**To do:** Where an entry below contains an image, skip the image and reproduce the rest exactly.
━━━
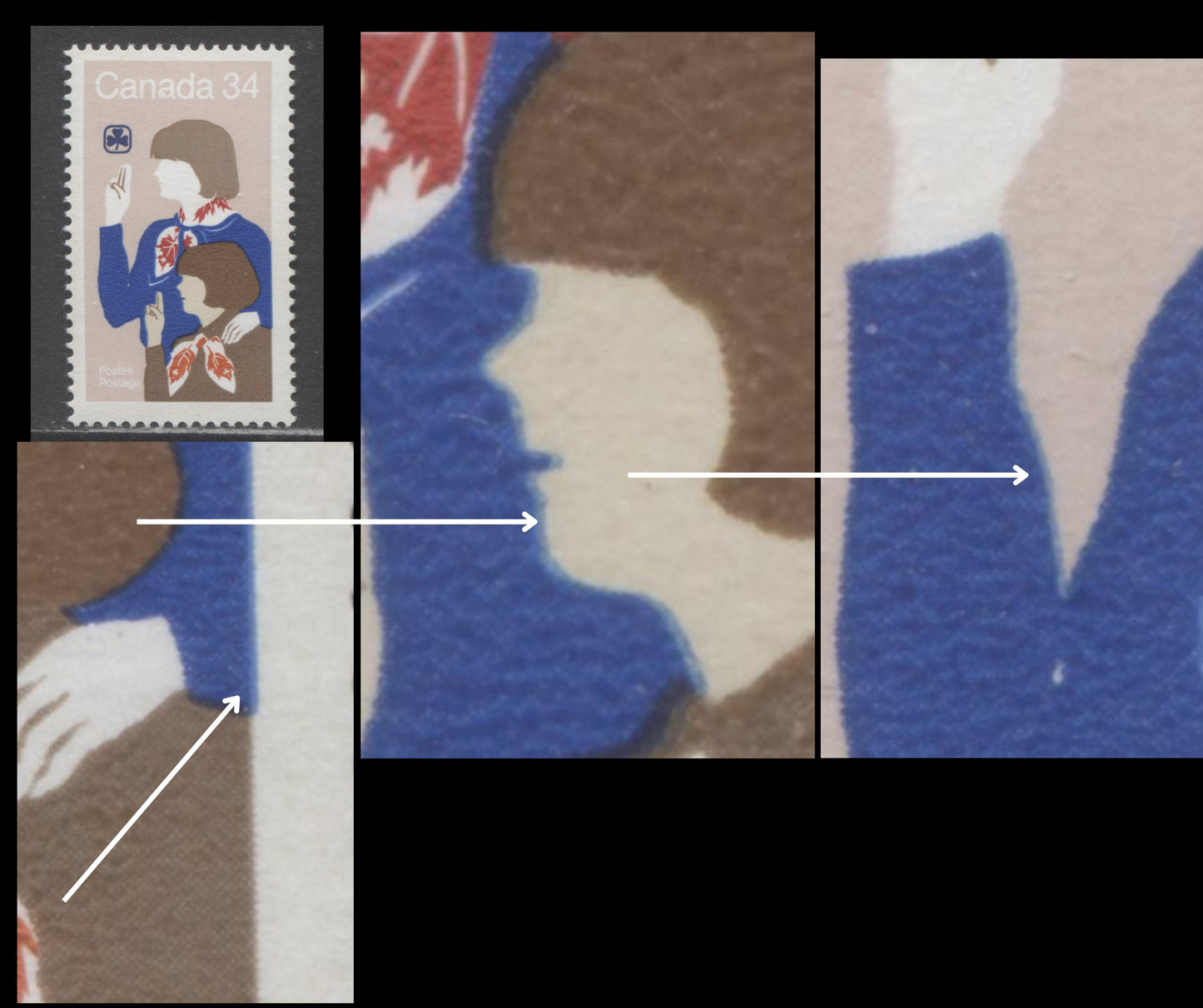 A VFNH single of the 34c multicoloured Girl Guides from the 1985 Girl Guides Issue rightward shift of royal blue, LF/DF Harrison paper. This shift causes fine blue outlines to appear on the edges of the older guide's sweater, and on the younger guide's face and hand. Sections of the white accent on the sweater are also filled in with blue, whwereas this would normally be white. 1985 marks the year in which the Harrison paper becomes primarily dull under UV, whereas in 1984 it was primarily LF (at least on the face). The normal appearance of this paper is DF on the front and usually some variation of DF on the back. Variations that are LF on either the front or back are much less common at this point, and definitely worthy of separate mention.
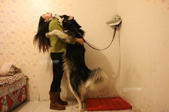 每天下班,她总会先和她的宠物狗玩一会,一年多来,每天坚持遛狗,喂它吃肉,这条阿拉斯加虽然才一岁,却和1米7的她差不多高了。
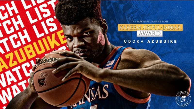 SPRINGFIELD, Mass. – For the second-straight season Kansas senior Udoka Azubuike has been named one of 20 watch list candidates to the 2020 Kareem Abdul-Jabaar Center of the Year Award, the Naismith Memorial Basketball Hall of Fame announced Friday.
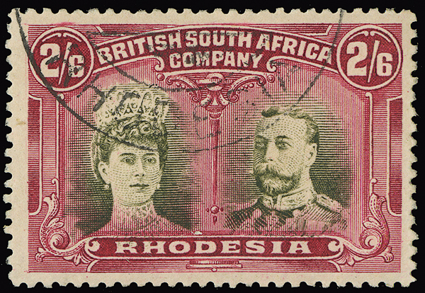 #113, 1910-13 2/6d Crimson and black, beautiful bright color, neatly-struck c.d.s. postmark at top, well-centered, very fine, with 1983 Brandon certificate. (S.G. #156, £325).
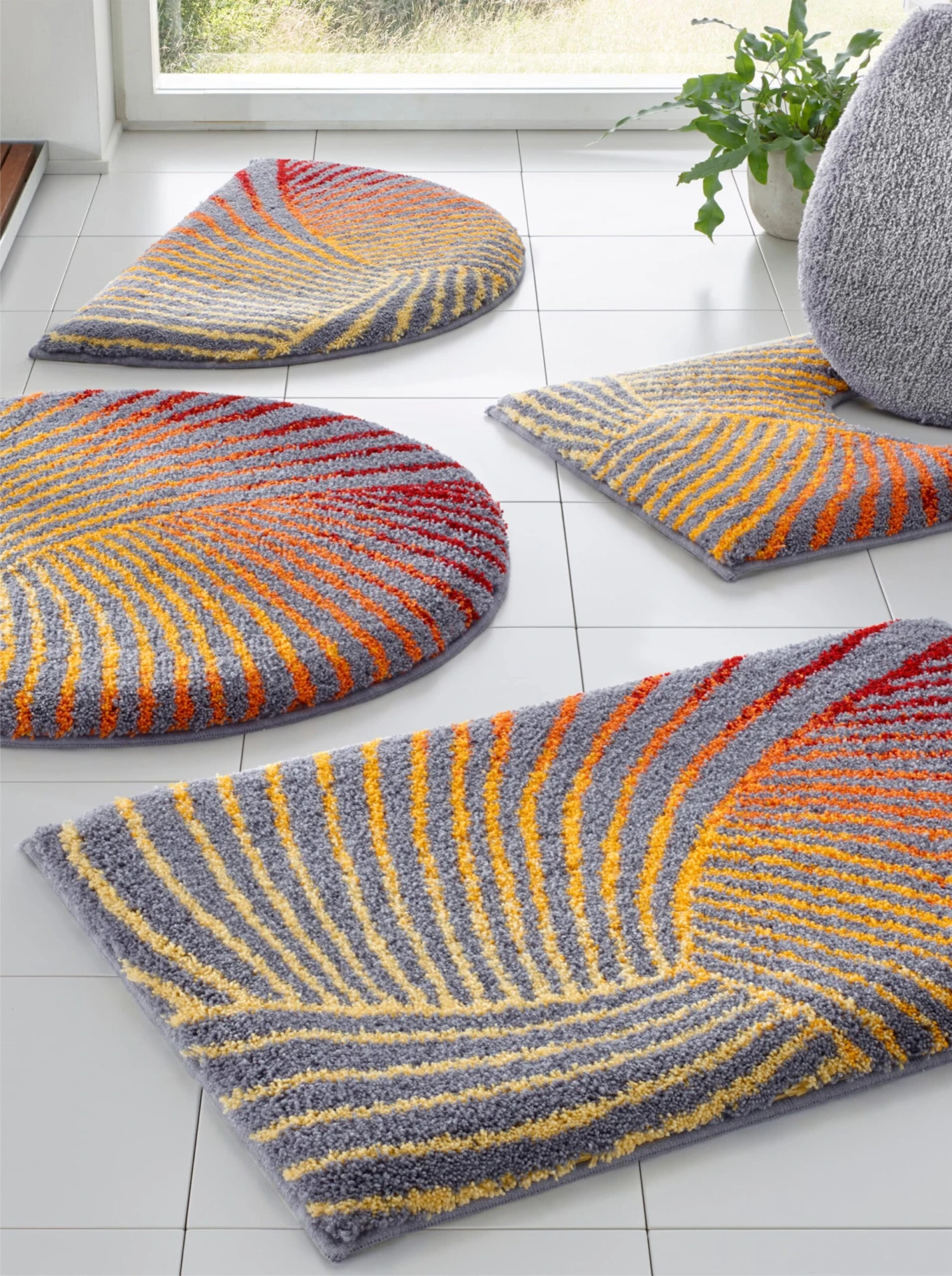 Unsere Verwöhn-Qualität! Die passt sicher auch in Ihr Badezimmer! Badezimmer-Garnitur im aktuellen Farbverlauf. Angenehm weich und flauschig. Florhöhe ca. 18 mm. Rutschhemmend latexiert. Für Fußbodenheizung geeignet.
━━━
**Reply:**
 A VFNH single of the 34c multicoloured Girl Guides from the 1985 Girl Guides Issue rightward shift of royal blue, LF/DF Harrison paper. This shift causes fine blue outlines to appear on the edges of the older guide's sweater, and on the younger guide's face and hand. Sections of the white accent on the sweater are also filled in with blue, whwereas this would normally be white. 1985 marks the year in which the Harrison paper becomes primarily dull under UV, whereas in 1984 it was primarily LF (at least on the face). The normal appearance of this paper is DF on the front and usually some variation of DF on the back. Variations that are LF on either the front or back are much less common at this point, and definitely worthy of separate mention.
 每天下班,她总会先和她的宠物狗玩一会,一年多来,每天坚持遛狗,喂它吃肉,这条阿拉斯加虽然才一岁,却和1米7的她差不多高了。
 SPRINGFIELD, Mass. – For the second-straight season Kansas senior Udoka Azubuike has been named one of 20 watch list candidates to the 2020 Kareem Abdul-Jabaar Center of the Year Award, the Naismith Memorial Basketball Hall of Fame announced Friday.
 #113, 1910-13 2/6d Crimson and black, beautiful bright color, neatly-struck c.d.s. postmark at top, well-centered, very fine, with 1983 Brandon certificate. (S.G. #156, £325).
 Unsere Verwöhn-Qualität! Die passt sicher auch in Ihr Badezimmer! Badezimmer-Garnitur im aktuellen Farbverlauf. Angenehm weich und flauschig. Florhöhe ca. 18 mm. Rutschhemmend latexiert. Für Fußbodenheizung geeignet.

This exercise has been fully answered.